**EXERCISE OBJECTIVE**
Given these entries, repeat exactly the lines starting with the one that has "なぜ宇治市のお茶はおおいをか" and going on through the one that has "Para comprobar esto", both included, but none of the pictures.

**LISTED ENTRIES**
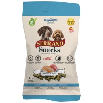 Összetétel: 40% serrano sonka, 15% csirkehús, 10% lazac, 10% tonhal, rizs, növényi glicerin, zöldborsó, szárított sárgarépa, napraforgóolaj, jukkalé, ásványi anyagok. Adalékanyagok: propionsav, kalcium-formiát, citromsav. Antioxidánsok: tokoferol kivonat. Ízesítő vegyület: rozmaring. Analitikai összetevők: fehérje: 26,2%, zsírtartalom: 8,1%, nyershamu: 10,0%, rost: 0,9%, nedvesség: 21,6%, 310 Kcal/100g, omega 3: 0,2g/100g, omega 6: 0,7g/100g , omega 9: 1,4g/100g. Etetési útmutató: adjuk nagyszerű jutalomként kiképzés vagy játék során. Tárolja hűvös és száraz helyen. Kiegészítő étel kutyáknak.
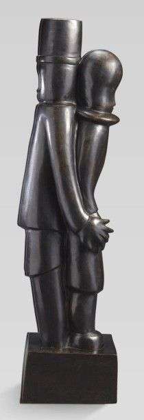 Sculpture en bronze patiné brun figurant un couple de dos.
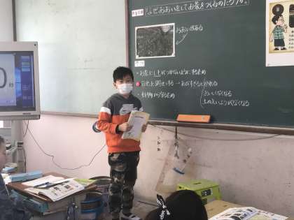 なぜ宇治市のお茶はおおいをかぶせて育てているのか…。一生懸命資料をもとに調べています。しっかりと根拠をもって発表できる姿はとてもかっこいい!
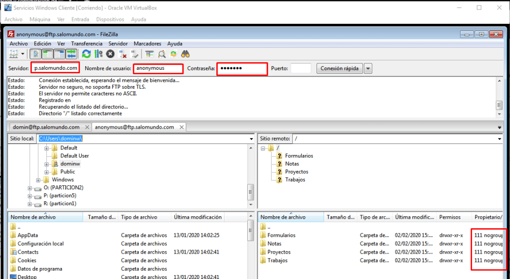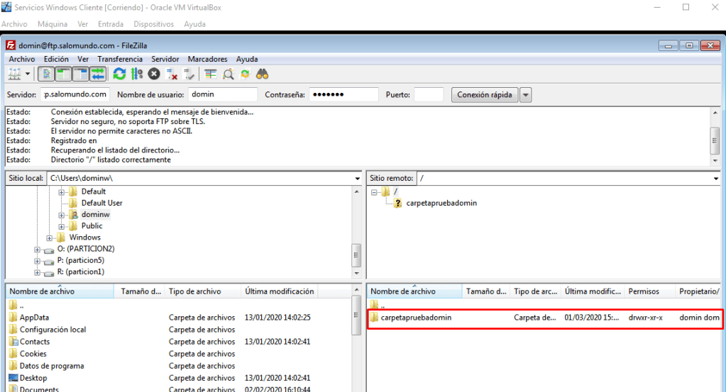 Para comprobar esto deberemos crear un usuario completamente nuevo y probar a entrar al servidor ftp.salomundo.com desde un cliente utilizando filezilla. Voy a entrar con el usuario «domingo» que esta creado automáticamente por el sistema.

==

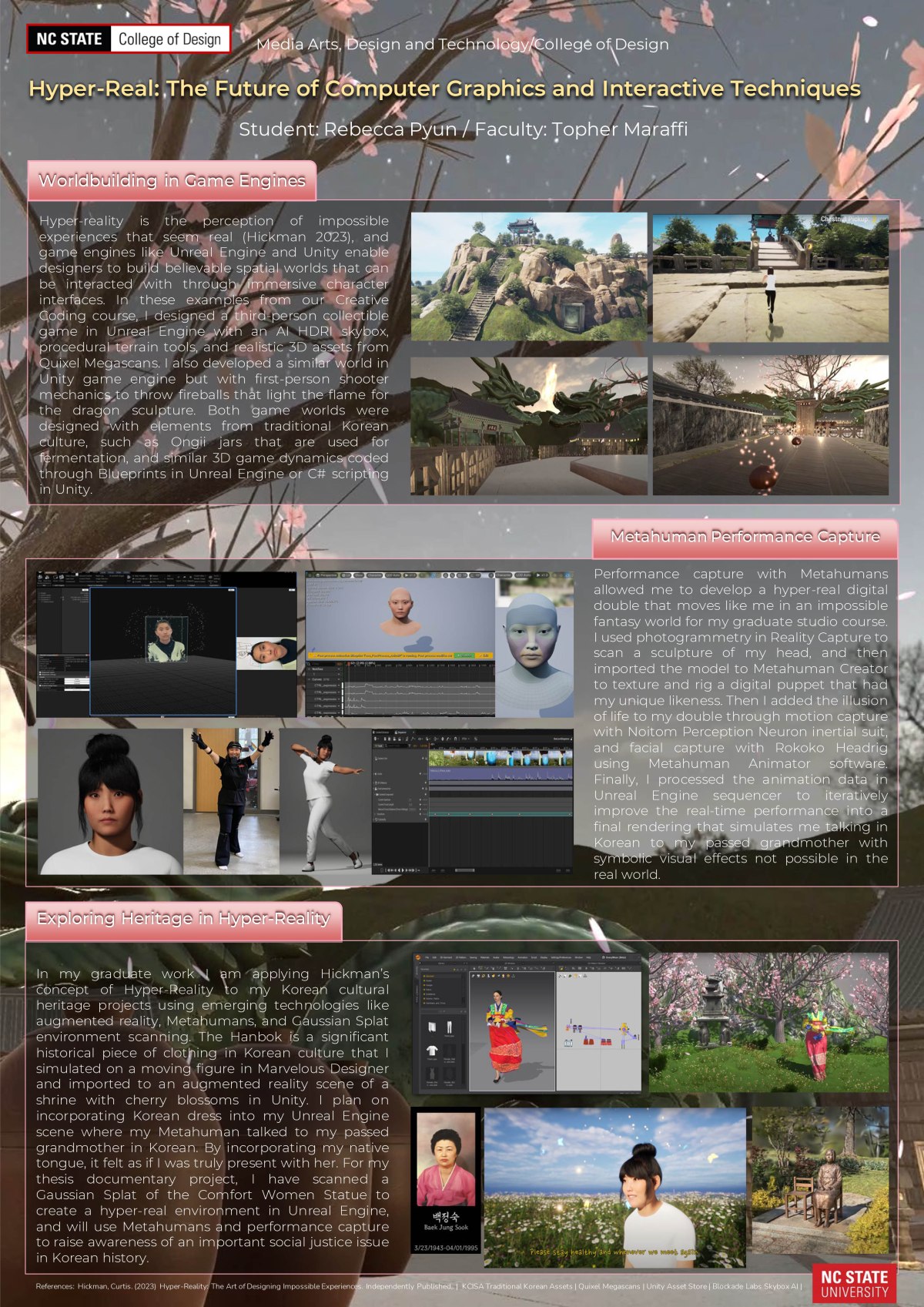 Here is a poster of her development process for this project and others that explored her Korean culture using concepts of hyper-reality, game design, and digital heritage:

**SOLUTION FOR THIS TASK**
 なぜ宇治市のお茶はおおいをかぶせて育てているのか…。一生懸命資料をもとに調べています。しっかりと根拠をもって発表できる姿はとてもかっこいい!
 Para comprobar esto deberemos crear un usuario completamente nuevo y probar a entrar al servidor ftp.salomundo.com desde un cliente utilizando filezilla. Voy a entrar con el usuario «domingo» que esta creado automáticamente por el sistema.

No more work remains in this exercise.